A letter-for-letter copy of the listing is required, with no pictures in it.

• • • • •

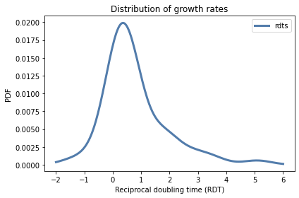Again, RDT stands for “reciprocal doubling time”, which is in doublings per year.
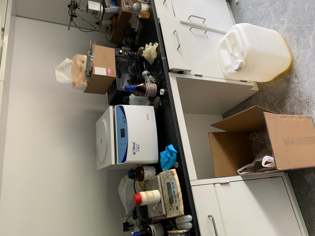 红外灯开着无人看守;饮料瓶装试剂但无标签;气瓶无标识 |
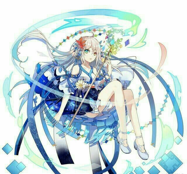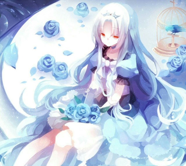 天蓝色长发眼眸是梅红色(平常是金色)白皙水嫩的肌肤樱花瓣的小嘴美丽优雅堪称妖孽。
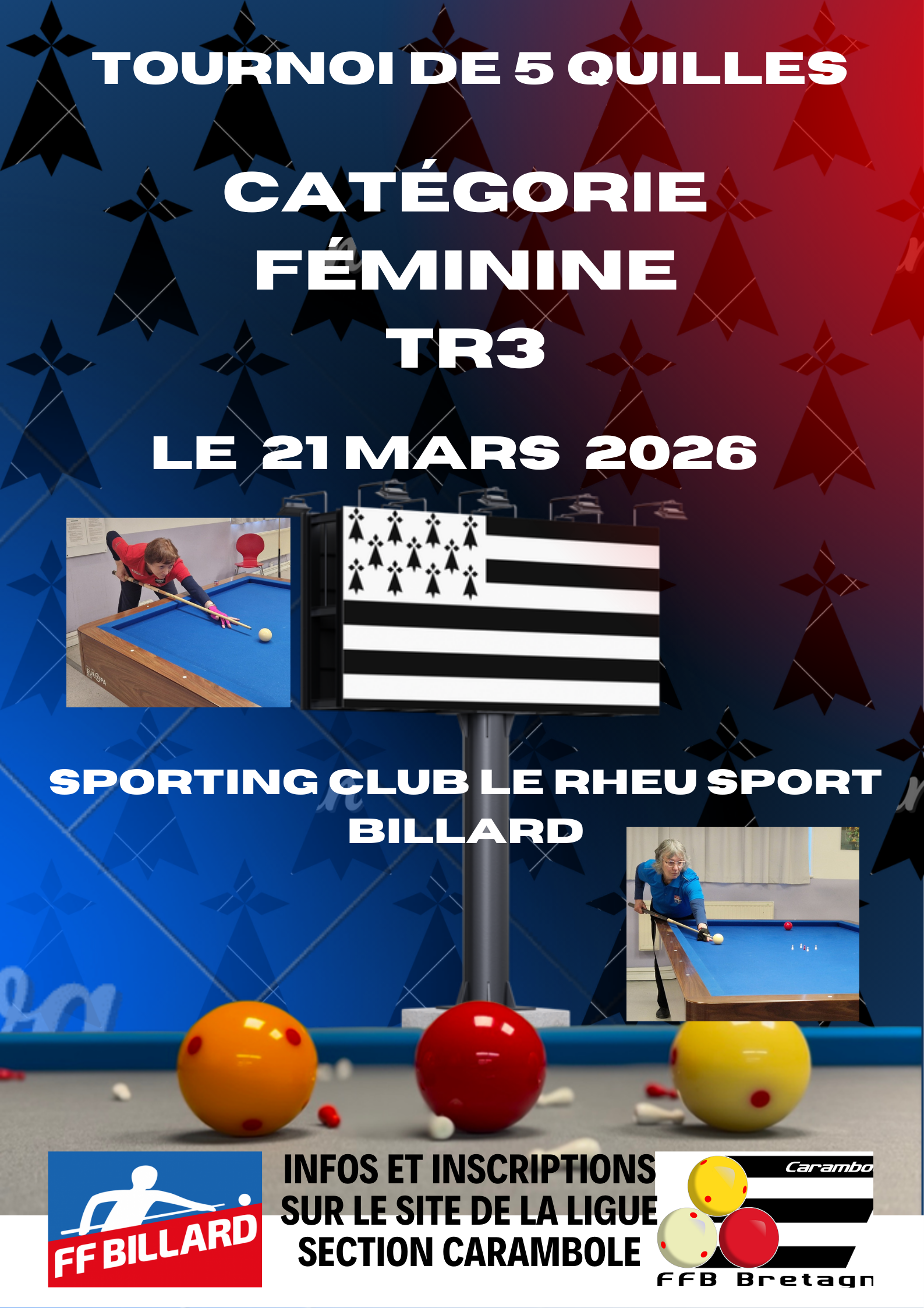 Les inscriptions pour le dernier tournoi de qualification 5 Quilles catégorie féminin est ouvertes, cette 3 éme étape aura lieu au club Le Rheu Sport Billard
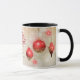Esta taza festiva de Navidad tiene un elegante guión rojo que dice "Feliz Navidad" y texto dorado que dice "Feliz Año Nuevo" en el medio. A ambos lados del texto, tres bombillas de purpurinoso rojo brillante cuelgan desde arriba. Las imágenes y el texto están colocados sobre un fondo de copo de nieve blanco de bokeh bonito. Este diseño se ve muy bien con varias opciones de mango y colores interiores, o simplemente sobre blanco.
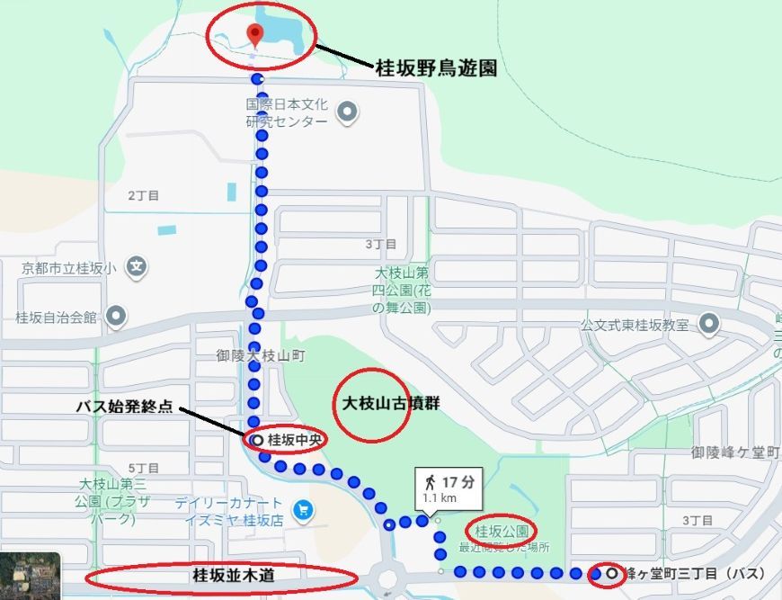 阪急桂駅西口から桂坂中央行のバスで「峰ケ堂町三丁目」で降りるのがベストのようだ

• • • • •

**EXERCISE SOLUTION**
Again, RDT stands for “reciprocal doubling time”, which is in doublings per year.
 红外灯开着无人看守;饮料瓶装试剂但无标签;气瓶无标识 |
 天蓝色长发眼眸是梅红色(平常是金色)白皙水嫩的肌肤樱花瓣的小嘴美丽优雅堪称妖孽。
 Les inscriptions pour le dernier tournoi de qualification 5 Quilles catégorie féminin est ouvertes, cette 3 éme étape aura lieu au club Le Rheu Sport Billard
Esta taza festiva de Navidad tiene un elegante guión rojo que dice "Feliz Navidad" y texto dorado que dice "Feliz Año Nuevo" en el medio. A ambos lados del texto, tres bombillas de purpurinoso rojo brillante cuelgan desde arriba. Las imágenes y el texto están colocados sobre un fondo de copo de nieve blanco de bokeh bonito. Este diseño se ve muy bien con varias opciones de mango y colores interiores, o simplemente sobre blanco.
 阪急桂駅西口から桂坂中央行のバスで「峰ケ堂町三丁目」で降りるのがベストのようだ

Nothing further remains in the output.